◆ **Records to use**
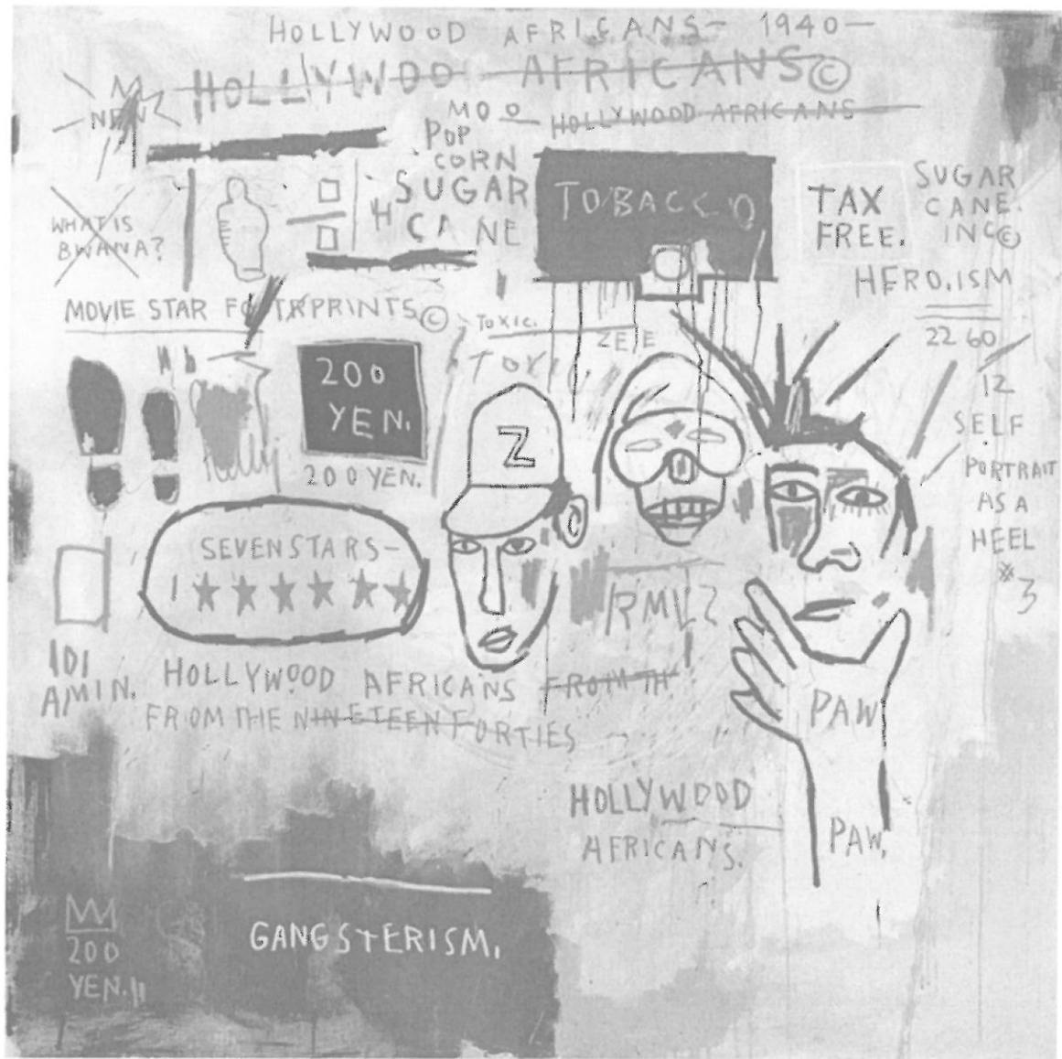
Figure 3. Jean-Michel Basquiat, Hollywood Africans , 1983. Acrylic and oil stick on canvas. http://collection.whitney.org/object/453 .
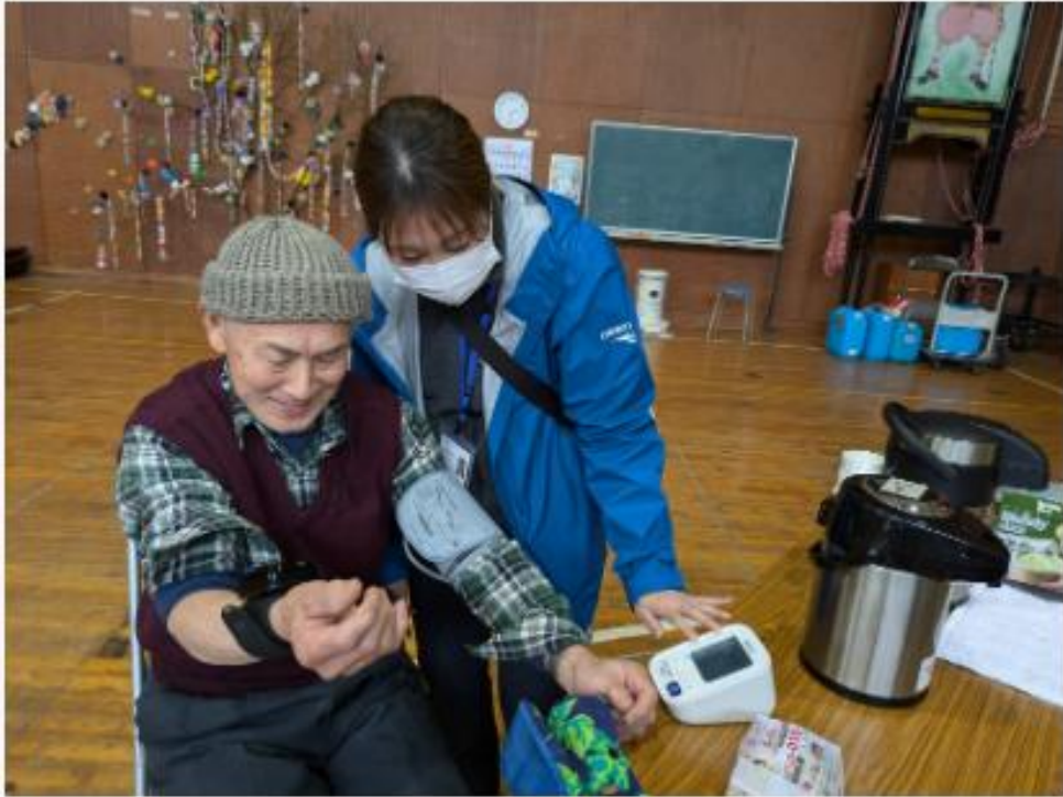
Health counseling at a community meeting place / Suzu City, Ishikawa Prefecture
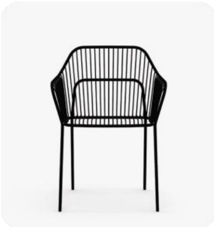
CRP02 Crop armchair

In accordance with EN 15804+A2 and ISO 14040 / ISO 14044
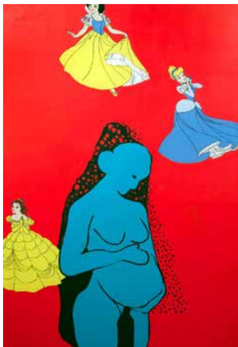
Shaimaa Kamel / شيماء كامل
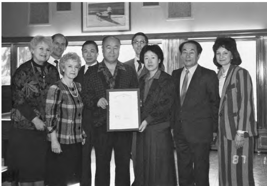
Barrytown, New York, 1987. Reverend and Mrs. Moon (center), founders of the Unification Theological Seminary are holding a certificate of accreditation from the Commission on Higher Education of the Middle States Association of Colleges and Schools.
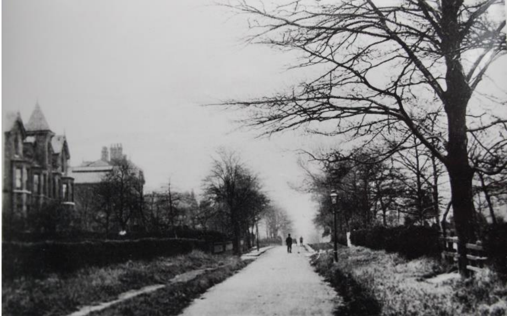
Stafford Road 1900

The terrace of three impressive Victorian houses on the left hand side in the photograph 'Stafford Road 1900' are fortunately still with us. From census records we can see that they were all occupied in 1886.
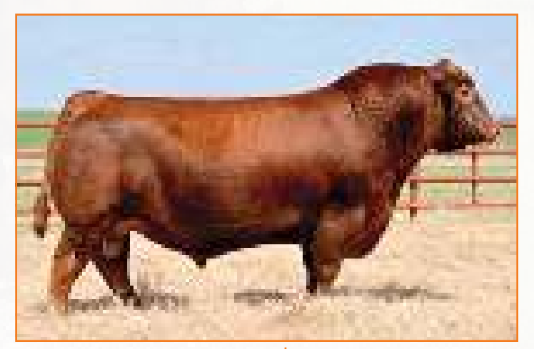
RED BLAIRS BINGO 581B Sire of Lots 13, 14 & 15

Starting off the Red Angus bred heifer section is this daughter of Red Blairs Bingo 581B one of the most celebrated breeding sires in North America. His progeny have been in high demand due to their consistency and phenotype. PBRS Blair represents him well. Her dam, 5L VISTA 2806-3088, comes from 5L of Montana. PBRS Blair is clean in her lines and moves out freely. The calf she is carrying is from our own Red Angus herd sire PBRS Nexus 794, a son of Silveiras Mission Nexus out of a productive J6 Farms cow. PBRS Blair ranks in the top 17% for CEM, 20% for CED and top 25% for Milk. She is a paternal sister to Lots 14 and 15.
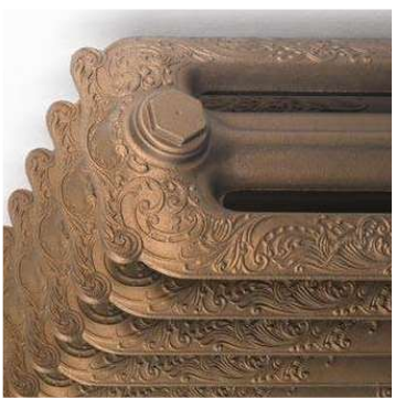
Shown here in Light Old Penny finish with Nostalgia brass thermostatic valves and traditional brass pipe sleeves.
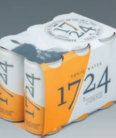
Sleeve (2 x 3)
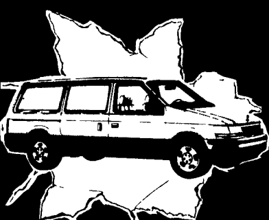
'91 GRAND CARAVAN ORIGINAL LIST PRICE $19,362
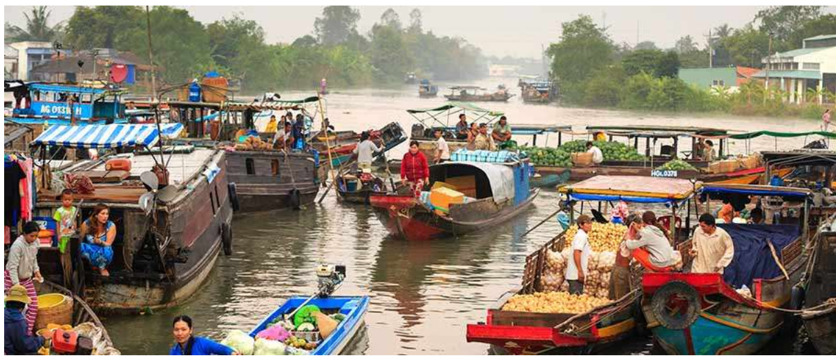
performed by native artists. Next, you will change to a paddle boat to cruise through the narrow canals and visit households with traditional occupations of home-based coconut candy and rice-wine making. Continue travel by motorized boat to another island to visit
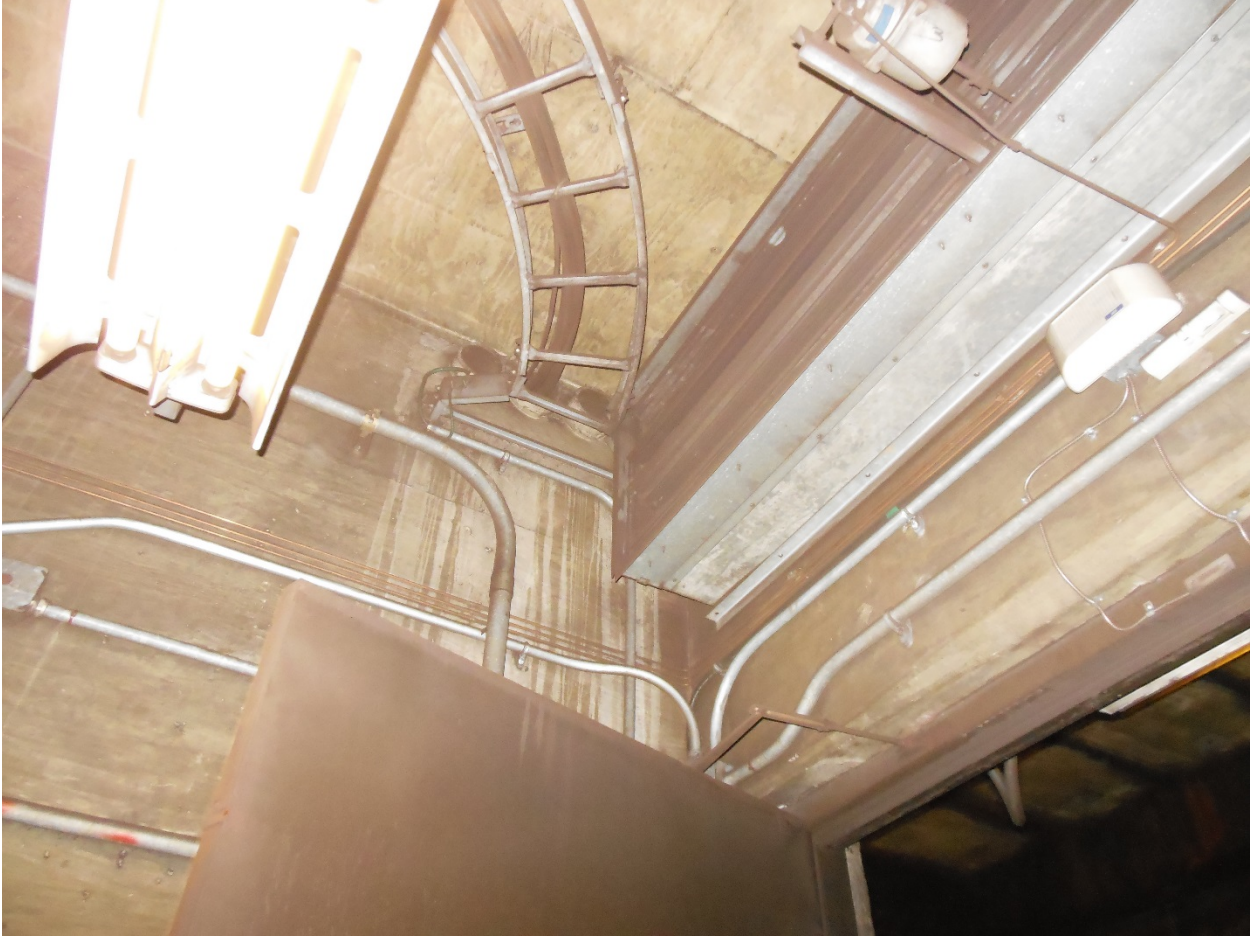
A09 South AC Room South Wall

◆ **Exercise prompt**
The copy should hold only the lines from the one with "The terrace of" through the one with "LIST PRICE $19,362", exactly as they stand above. Leave out the pictures.

◆ **Solved exercise**
The terrace of three impressive Victorian houses on the left hand side in the photograph 'Stafford Road 1900' are fortunately still with us. From census records we can see that they were all occupied in 1886.
RED BLAIRS BINGO 581B Sire of Lots 13, 14 & 15

Starting off the Red Angus bred heifer section is this daughter of Red Blairs Bingo 581B one of the most celebrated breeding sires in North America. His progeny have been in high demand due to their consistency and phenotype. PBRS Blair represents him well. Her dam, 5L VISTA 2806-3088, comes from 5L of Montana. PBRS Blair is clean in her lines and moves out freely. The calf she is carrying is from our own Red Angus herd sire PBRS Nexus 794, a son of Silveiras Mission Nexus out of a productive J6 Farms cow. PBRS Blair ranks in the top 17% for CEM, 20% for CED and top 25% for Milk. She is a paternal sister to Lots 14 and 15.
Shown here in Light Old Penny finish with Nostalgia brass thermostatic valves and traditional brass pipe sleeves.
Sleeve (2 x 3)
'91 GRAND CARAVAN ORIGINAL LIST PRICE $19,362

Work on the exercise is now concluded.